Zhang Daqian è un nome che potreste non avere mai sentito nominare. Ma in Cina, e nel mercato mondiale dell’arte, Zhang Daqian è il nome di un artista allo stesso livello di Warhol e Monet. Maestro della pittura classica cinese che in seguito ha reinventato l’arte moderna nella sua patria adottiva, l’America, hang è partito dai paesaggi a inchiostro per arrivare all’astrazione. Ad aprile, quasi 40 anni dopo la sua morte, il dipinto del 1947 “Paesaggio dopo Wang Ximeng” è diventato la sua opera più costosa mai venduto all’asta, raggiungendo il valore di 47 milioni di dollari da Sotheby’s Hong Kong. Quella di aprile è stata l’ultima di una serie di vendite importanti. Nel 2016, ad esempio, il lavoro dell’artista ha generato più di 354 milioni di dollari, superando qualsiasi altro artista – vivo o morto – nel mondo. L’anno scorso è arrivato 6° nella stessa lista, davanti a superpotenze del mercato mondiale come Van Gogh e Banksy.

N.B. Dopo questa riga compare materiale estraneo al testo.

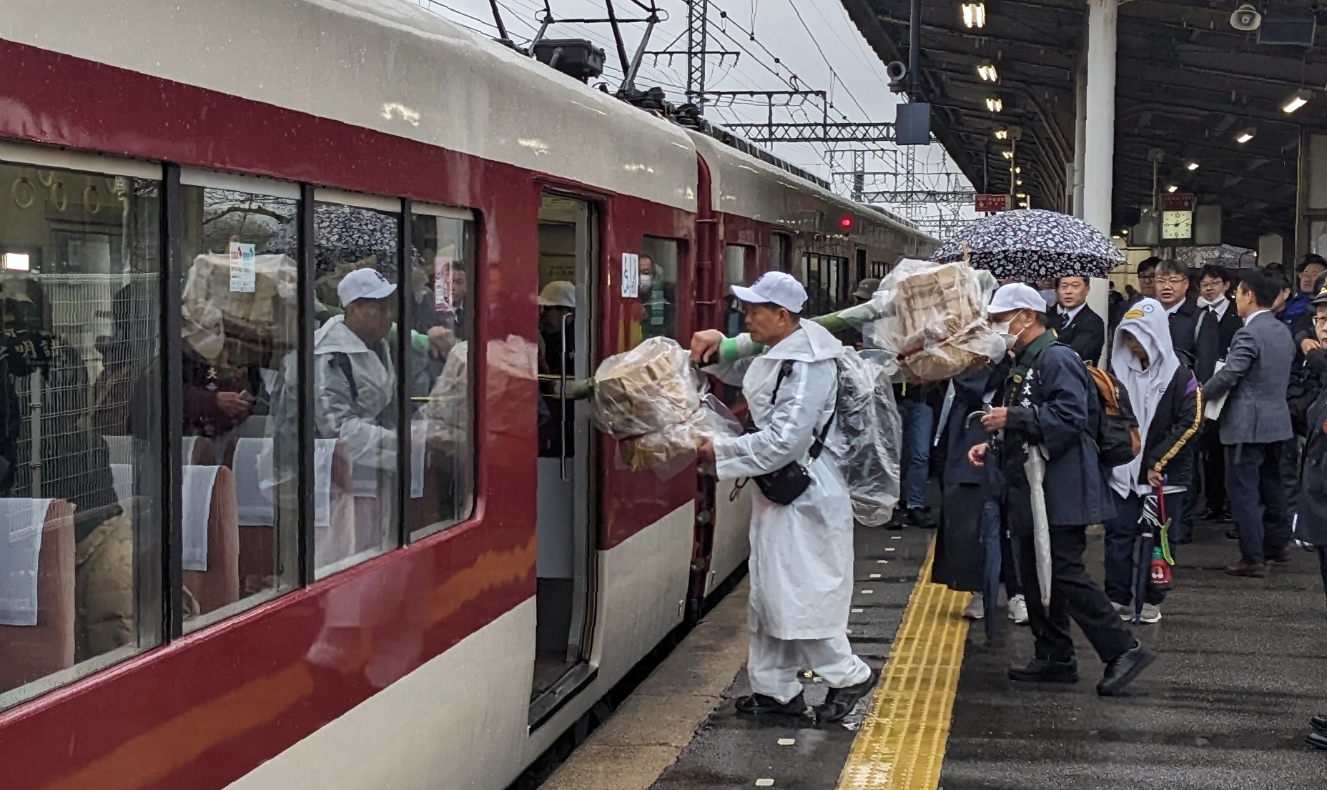 近畿日本鉄道は12日、東大寺二月堂の修二会(お水取り)で使われる松明を運ぶ列車に同乗するツアーを初開催した。参加者たちは、松明が赤目口駅(三重県名張市)から近鉄奈良駅(奈良市)まで40㌔近くの距離を列車で運ばれる様子を見届けた後、二月堂まで松明を担ぐなどして、春の伝統行事を体感した。

Nato nel Sichuan all’inizio del XX secolo, Zhang è stato un talento precoce, mostrando capacità sorprendenti fin da bambino. Dopo aver studiato tintoria e tessitura in Giappone, si è formato sotto i rinomati calligrafi e pittori Zeng Xi e Li Ruiqing a Shanghai. La copia dei capolavori classici cinesi è stata fondamentale per la sua formazione, e Zhang ha imparato a replicare così bene i grandi artisti delle dinastie Ming e Qing che è diventato uno stimatissimo falsario. Ha iniziato a farsi un nome come artista visivo negli anni ’30, prima di trascorrere due anni a studiare e copiare scrupolosamente colorati murales rupestri buddisti a Dunhuang, nella provincia di Gansu. Questa esperienza ha avuto un profondo impatto sulla sua arte. Oltre ad affinare le sue capacità di pittura figurativa, Zhang da quel momento ha iniziato a utilizzare un’ampia gamma di colori opulenti. «Ha rivoluzionato il potenziale della pittura cinese classica, perché ha rivelato questa tavolozza incredibilmente sontuosa, ricca e sensuale che era stata evitata per un aspetto più asciutto o più accademico», ha detto alla Bbc lo studioso Mark Johnson, che nel 2019 ha co-curato una retrospettiva di Zhang al San Francisco’s Asian Art Museum.

Come molti altri artisti, Zhang lasciò la Cina all’inizio degli anni ’50, vivendo in Argentina e Brasile prima di stabilirsi a Carmel-by-the-Sea, in California. Nel 1956 ha conosciuto e scambiato dipinti con Picasso a Parigi, un momento annunciato dalla stampa come un grande incontro tra Oriente e Occidente. Si narra che quando Picasso chiese a Zhang di criticare alcune delle sue opere in stile cinese, quest’ultimo suggerì diplomaticamente che il maestro spagnolo non possedeva gli strumenti adatti e in seguito gli regalò una selezione di pennelli cinesi. Oltre ad aprirlo a influenze artistiche più ampie, la nuova vita di Zhang all’estero ha segnato il cambiamento stilistico più importante della sua carriera: un nuovo stile astratto soprannominato “pocai” o schizzi di colore, un cambiamento dovuto anche al deterioramento della sua vista, esacerbato dal diabete. Nelle straordinarie opere di quel periodo, forme figurative e pennellate definite sono state sostituite da vortici di colore e profonde macchie di inchiostro. Montagne, alberi e fiumi sono ancora presenti, ma le loro forme sono solo accennate, come nel caso dello splendido pannello regalato alla figlia per il suo matrimonio e andato all’asta da Sothebys, “Recluse in the Summer Mountains”.